In fact, they use this same photo in two of their galleries:
http://thewheelexchange.com/galleries_bymake/make/bmw/bmw_gallery1.html
(2nd row from the bottom, last picture on the right)

http://thewheelexchange.com/galleries_bymake/make/bmw/bmw_gallery10.html
(5th row from the top, first picture on the left)

Once again, the letters are going out Monday morning to the ISP and to Wheel Exchange. I wonder if ANY of the photos in their gallery are legitimate?


----------



## gek330i (Dec 27, 2001)

DZeckhausen said:


> I can't link directly to the full sized picture because they use javascript to generate the URL.
> My picture:


Here's the link to the full sized one: http://thewheelexchange.com/galleries_bymake/make/bmw/images/schnitzer_bmw.gif


----------



## Lscman (Aug 5, 2003)

Dave,

Maybe you should have simply asked them to send you 4 wheels, so you could take more accurate pics for them to use.


----------



## DZeckhausen (Mar 11, 2003)

Lscman said:


> Dave,
> 
> Maybe you should have simply asked them to send you 4 wheels, so you could take more accurate pics for them to use.

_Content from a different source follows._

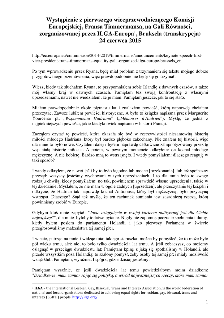 Wystąpienie z pierwszego wiceprzewodniczącego Komisji Europejskiej, Fransa Timmermansa, na Gali Równości, zorganizowanej przez ILGA-Europa1, Bruksela (transkrypcja) 24 czerwca 2015 http://ec.europa.eu/commission/2014-2019/timmermans/announcements/keynote-speech-firstvice-president-frans-timmermans-equality-gala-organized-ilga-europe-brussels_en Po tym wprowadzeniu przez Ryana, będę miał problem z trzymaniem się tekstu mojego dobrze przygotowanego przemówienia, więc prawdopodobnie nie będę się go trzymał. Wiesz, kiedy tak słuchałem Ryana, to przypomniałem sobie Irlandię z dawnych czasów, a także mój własny kraj w dawnych czasach. Pamiętam też swoją konfrontację z własnymi uprzedzeniami, nawet nie wiedziałem, że je mam. Pamiętam jeszcze, jak to się stało. Miałem prawdopodobnie około piętnastu lat i znalazłem powieść, którą naprawdę chciałem przeczytać. Zawsze lubiłem powieści historyczne. A było to książka napisana przez Marguerite Yourcenar pt. „Wspomnienia Hadriana” („Mémoires d'Hadrien”). Myślę, że jedna z najpiękniejszych powieści, jakie kiedykolwiek napisano w historii Francji. Zacząłem czytać tę powieść, która okazała się być w rzeczywistości niesamowitą historią miłości młodego Hadriana, który był bardzo głęboko zakochany. Nie znałem tej historii, więc dla mnie to było nowe. Czytałem dalej i byłem naprawdę całkowicie zahipnotyzowany przez tę wspaniałą historię miłosną. A potem, w pewnym momencie odkryłem: on kochał młodego mężczyznę. A nie kobietę. Bardzo mną to wstrząsnęło. I wtedy pomyślałem: dlaczego reaguję w taki sposób? I wtedy odkryłem, że nawet jeśli by to było łagodne lub mocne [przekonanie], lub też społeczny przesąd: wszyscy jesteśmy wychowani w tych uprzedzeniach. I to dla mnie było to swego rodzaju chwilą, kiedy pomyślałem: no tak, powinienem sprawdzić własne uprzedzenia, także w tej dziedzinie. Myślałem, że nie mam w ogóle żadnych [uprzedzeń], ale przeczytanie tej książki i odkrycie, że Hadrian tak naprawdę kochał Antinousa, który był mężczyzną, było przyczyną wstrząsu. Dlaczego? Stąd też myślę, że ten rachunek sumienia jest zasadniczą rzeczą, którą powinniśmy zrobić w Europie. Gdybym ktoś mnie zapytał: "Jakie osiągnięcie w twojej karierze politycznej jest dla Ciebie największe?", dla mnie byłoby to łatwe pytanie. Nigdy nie zapomnę poczucie spełnienia i dumy, kiedy byłem posłem do parlamentu Holandii i jako pierwszy Parlament w świecie przegłosowaliśmy małżeństwa tej samej płci. I wiecie, patrząc na mnie i widząc tutaj takiego staruszka, można by pomyśleć, że to może było pół wieku temu, ależ nie, to było tylko dwadzieścia lat temu. A jeśli zobaczysz, co możemy osiągnąć w przeciągu dwudziestu lat: Pamiętam kpinę z jaką się spotkaliśmy w Holandii, ale przede wszystkim poza Holandią: to szalony pomysł, żeby osoby tej samej płci miały możliwość wziąć ślub. Pamiętam, wyraźnie. I spójrz, gdzie dzisiaj jesteśmy. Pamiętam wyraźnie, że jeśli dwadzieścia lat temu powiedziałbym moim dziadkom: "Dziadkowie, mam zamiar zająć się polityką, a wśród najważniejszych rzeczy, które mam zamiar 1 ILGA – the International Lesbian, Gay, Bisexual, Trans and Intersex Association, is the world federation of national and local organisations dedicated to achieving equal rights for lesbian, gay, bisexual, trans and intersex (LGBTI) people. http://ilga.org/ 1 niezwłocznie zrobić, to ukazać, że osoby tej samej płci, które się kochają, mogą zawrzeć małżeństwo". Prawdopodobnie wezwaliby naszego lekarza ogólnego, żeby mnie wysłał do szpitala dla chorych umysłowo. Tak bardzo przekraczało to ich wyobraźnię. Gdybym miał rozmawiać o tym dzisiaj z moimi dziećmi, nie mogłyby sobie one nawet wyobrazić społeczeństwa, w którym nie byłoby dla ludzi, którzy kochają siebie, równości wobec prawa, niezależnie od tego, czy są innej płci czy też tej samej płci. To jest przemiana jaką przeszło moje społeczeństwo. Więc takie jest moje przesłanie do was, i jest to ważne przesłanie: spójrzcie na te wszystkie społeczeństwa europejskie, które przeszły tę transformację. W rzeczy samej, naprawdę bardzo, bardzo szybko. Irlandia jest tego przykładem. Ale spójrzcie co się wydarzyło w kraju takim jak Hiszpania. Spójrzcie na kraj taki, jak Polska, która dla wielu ludzi jeszcze kilka lat temu była daleko poza nadzieją na wybawienie ze względu na odwieczne prześladowanie przez Kościół Katolicki. Dokonała się ogromna przemiana w tym społeczeństwie. Widzieliśmy ogromne zmiany. A to się działo w całej Europie. Ale to nie jest tylko dobra wiadomość. Widzieliśmy również inną ewolucję. Widzieliśmy również, że nadal można manipulować ludźmi by byli homofobiczni. Żyłem w Rosji przez kilka lat, w czasie, gdy homoseksualizm był traktowany tak, jak to było za czasów moich dziadków. Tak naprawdę nie przeszkadza ci to, jak długo się o tym nie mówi. Pojawiają się żarty. Znacie wszystkie te kawały, jesteście ekspertami od żartów. Nie będzie otwartej homofobii. I widzieliśmy, że poprzez polityczną, ale muszę powiedzieć, że także przez religijną manipulację, jest teraz homofobia. I stała się ona widoczna na ulicach. Stała się czymś, co skrajnie prawicowym gangom wydaje się obowiązkiem do spełnienia, bo mają błogosławieństwo kościoła lub błogosławieństwo swojego przywódcy. Otóż to nie jest śledzone. A nie jest to śledzone, bo po prostu nie ma zmian w kierunku lepszej sytuacji. A nawet - muszę powiedzieć jest jeszcze możliwość regresu we wszystkich naszych społeczeństwach. Tak więc pierwszą rzeczą, którą musisz zrobić, to być niezwykle czujni. Nie możemy sobie pozwolić na samozadowolenie. Nie możemy. I myślę, że wszystkim nam się to może zdarzyć i że czasami tacy jes

Now that's the best idea I've heard so far! If you can't beat 'em, join 'em! :thumbup:


----------



## markseven (Apr 30, 2004)

Why would anyone take the trouble to write a line of code that would call an image that's being hosted remotely instead of just right clicking to save the image, then uploading to eBay's server...


----------



## ultamte (May 9, 2003)

Wow, the turn signal is a different color................................ real 'subtle' change...............................

:thumbdwn:


----------